The input ::
- - - - - - -

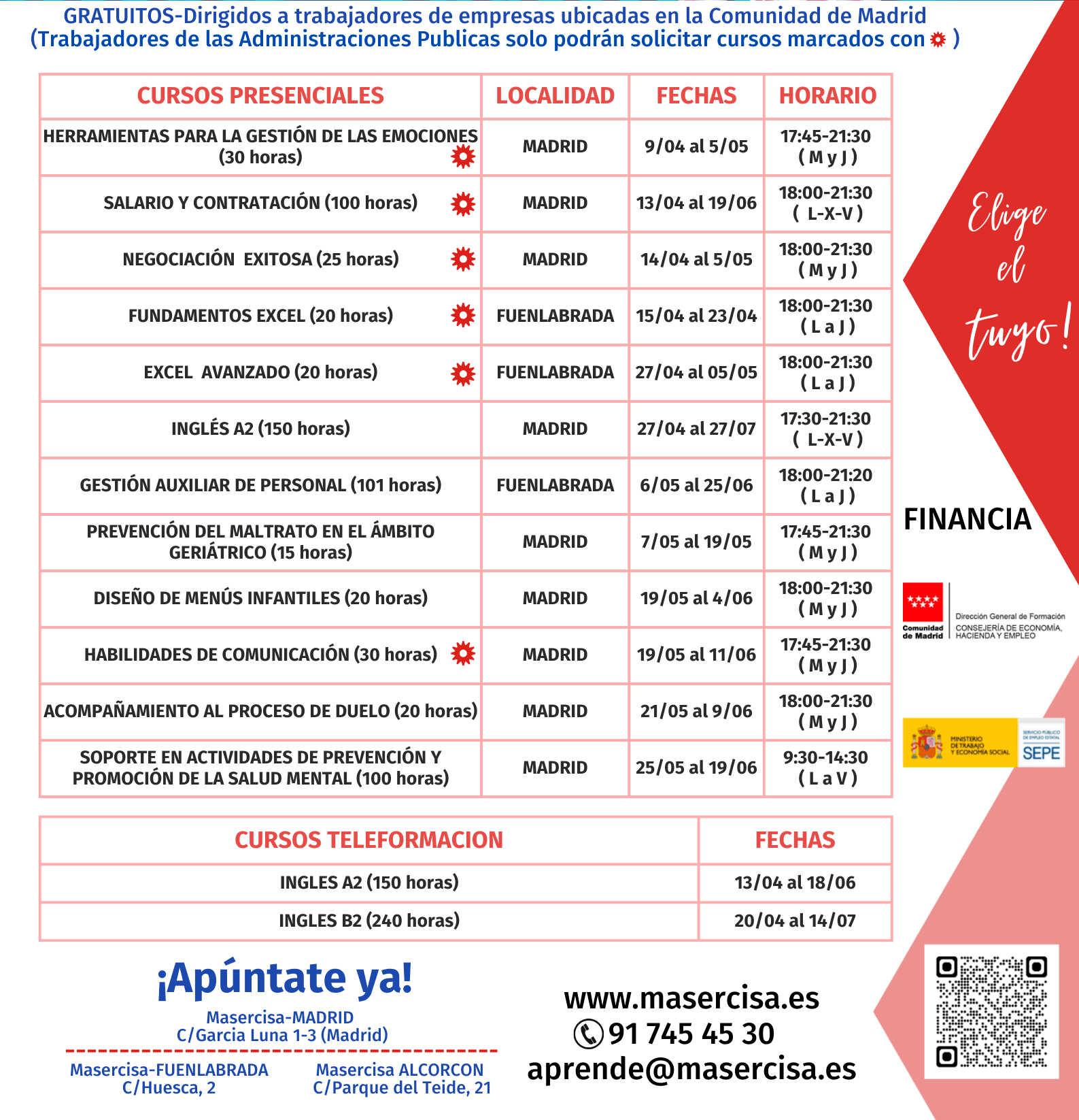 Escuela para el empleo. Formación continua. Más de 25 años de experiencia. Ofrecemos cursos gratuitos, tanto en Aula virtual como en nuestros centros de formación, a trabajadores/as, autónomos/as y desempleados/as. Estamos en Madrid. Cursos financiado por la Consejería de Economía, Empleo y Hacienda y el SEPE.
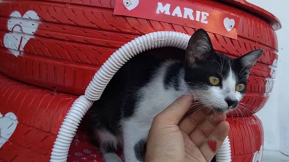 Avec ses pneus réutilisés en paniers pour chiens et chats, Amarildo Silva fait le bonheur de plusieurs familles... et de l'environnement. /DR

- - - - - - -

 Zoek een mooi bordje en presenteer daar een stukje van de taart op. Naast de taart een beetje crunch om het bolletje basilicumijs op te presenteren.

- - - - - - -

Task description :: Go back to the listing above and write out the lines starting at the one with "Escuela para el" and ending at the one with "Avec ses pneus", inclusive, exactly and without pictures.

Task response ::
 Escuela para el empleo. Formación continua. Más de 25 años de experiencia. Ofrecemos cursos gratuitos, tanto en Aula virtual como en nuestros centros de formación, a trabajadores/as, autónomos/as y desempleados/as. Estamos en Madrid. Cursos financiado por la Consejería de Economía, Empleo y Hacienda y el SEPE.
 Avec ses pneus réutilisés en paniers pour chiens et chats, Amarildo Silva fait le bonheur de plusieurs familles... et de l'environnement. /DR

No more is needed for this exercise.